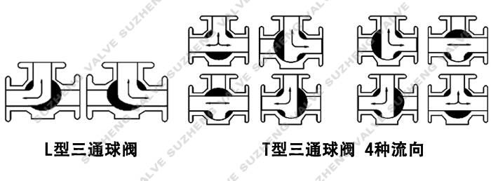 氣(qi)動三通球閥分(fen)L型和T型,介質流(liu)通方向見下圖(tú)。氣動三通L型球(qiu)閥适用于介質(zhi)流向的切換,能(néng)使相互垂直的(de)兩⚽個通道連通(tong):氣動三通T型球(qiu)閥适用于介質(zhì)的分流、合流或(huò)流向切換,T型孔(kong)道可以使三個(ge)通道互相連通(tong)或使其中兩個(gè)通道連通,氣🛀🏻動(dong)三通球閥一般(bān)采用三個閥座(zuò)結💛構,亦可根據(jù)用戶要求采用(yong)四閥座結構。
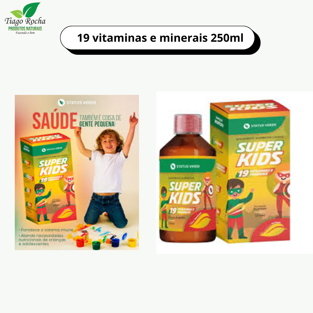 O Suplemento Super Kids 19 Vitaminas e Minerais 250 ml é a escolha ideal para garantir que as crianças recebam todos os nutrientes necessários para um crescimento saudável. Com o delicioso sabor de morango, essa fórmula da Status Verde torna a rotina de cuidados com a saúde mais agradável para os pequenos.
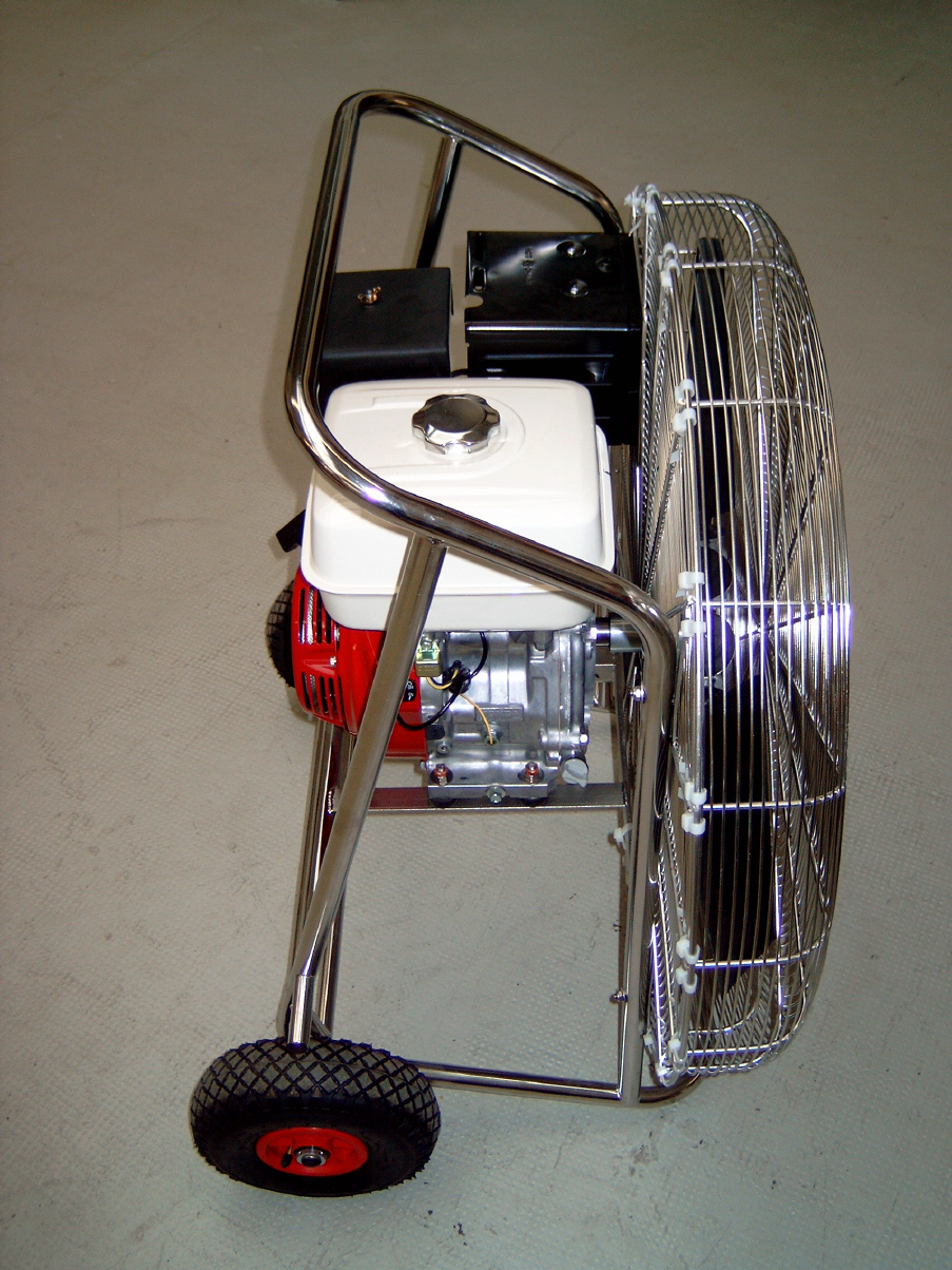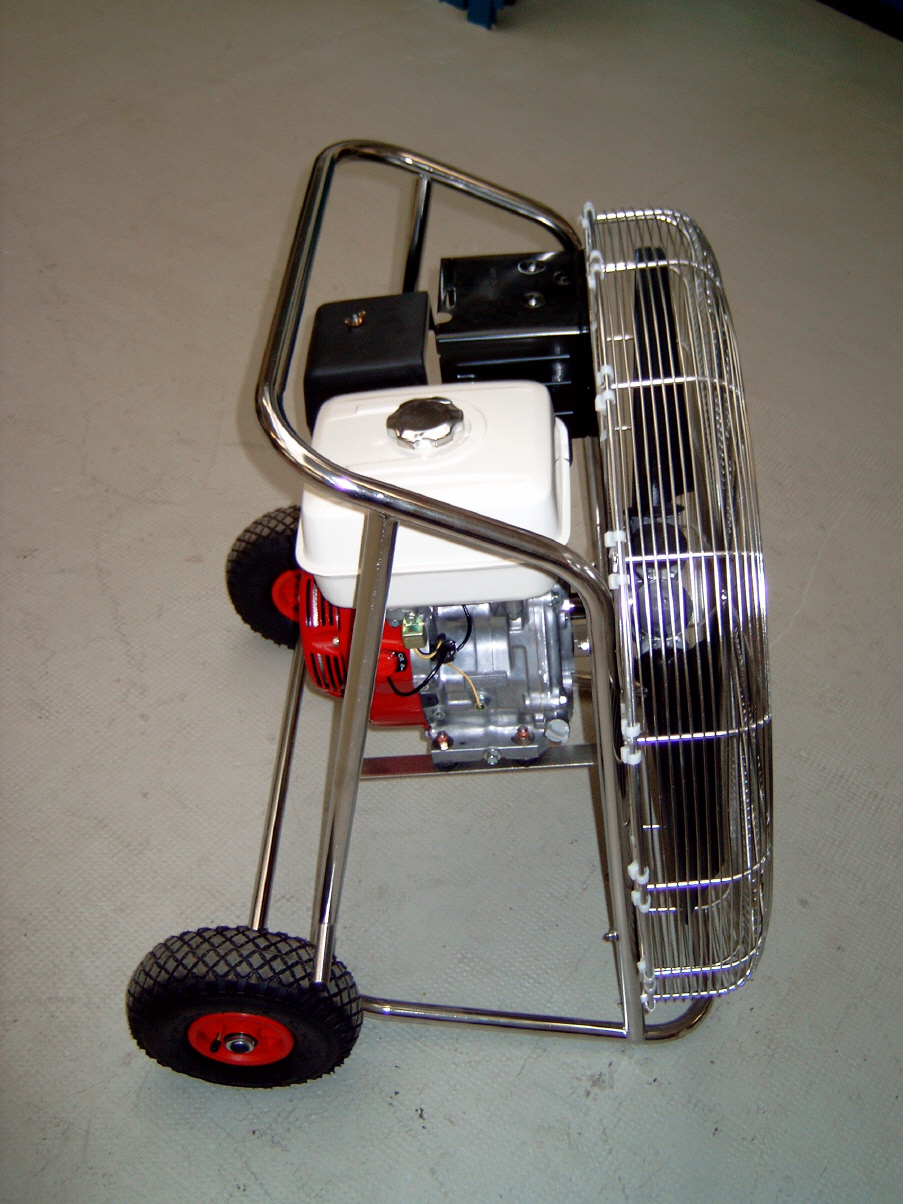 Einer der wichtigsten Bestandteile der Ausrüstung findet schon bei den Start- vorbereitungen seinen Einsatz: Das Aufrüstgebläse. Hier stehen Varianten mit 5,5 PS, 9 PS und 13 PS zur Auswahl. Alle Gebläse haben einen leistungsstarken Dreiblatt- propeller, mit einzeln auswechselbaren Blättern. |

§ ASSIGNED TASK: Everything in the listing above must be retyped exactly, except for the pictures.

§ RESPONSE BELOW:
 氣(qi)動三通球閥分(fen)L型和T型,介質流(liu)通方向見下圖(tú)。氣動三通L型球(qiu)閥适用于介質(zhi)流向的切換,能(néng)使相互垂直的(de)兩⚽個通道連通(tong):氣動三通T型球(qiu)閥适用于介質(zhì)的分流、合流或(huò)流向切換,T型孔(kong)道可以使三個(ge)通道互相連通(tong)或使其中兩個(gè)通道連通,氣🛀🏻動(dong)三通球閥一般(bān)采用三個閥座(zuò)結💛構,亦可根據(jù)用戶要求采用(yong)四閥座結構。
 O Suplemento Super Kids 19 Vitaminas e Minerais 250 ml é a escolha ideal para garantir que as crianças recebam todos os nutrientes necessários para um crescimento saudável. Com o delicioso sabor de morango, essa fórmula da Status Verde torna a rotina de cuidados com a saúde mais agradável para os pequenos.
 Einer der wichtigsten Bestandteile der Ausrüstung findet schon bei den Start- vorbereitungen seinen Einsatz: Das Aufrüstgebläse. Hier stehen Varianten mit 5,5 PS, 9 PS und 13 PS zur Auswahl. Alle Gebläse haben einen leistungsstarken Dreiblatt- propeller, mit einzeln auswechselbaren Blättern. |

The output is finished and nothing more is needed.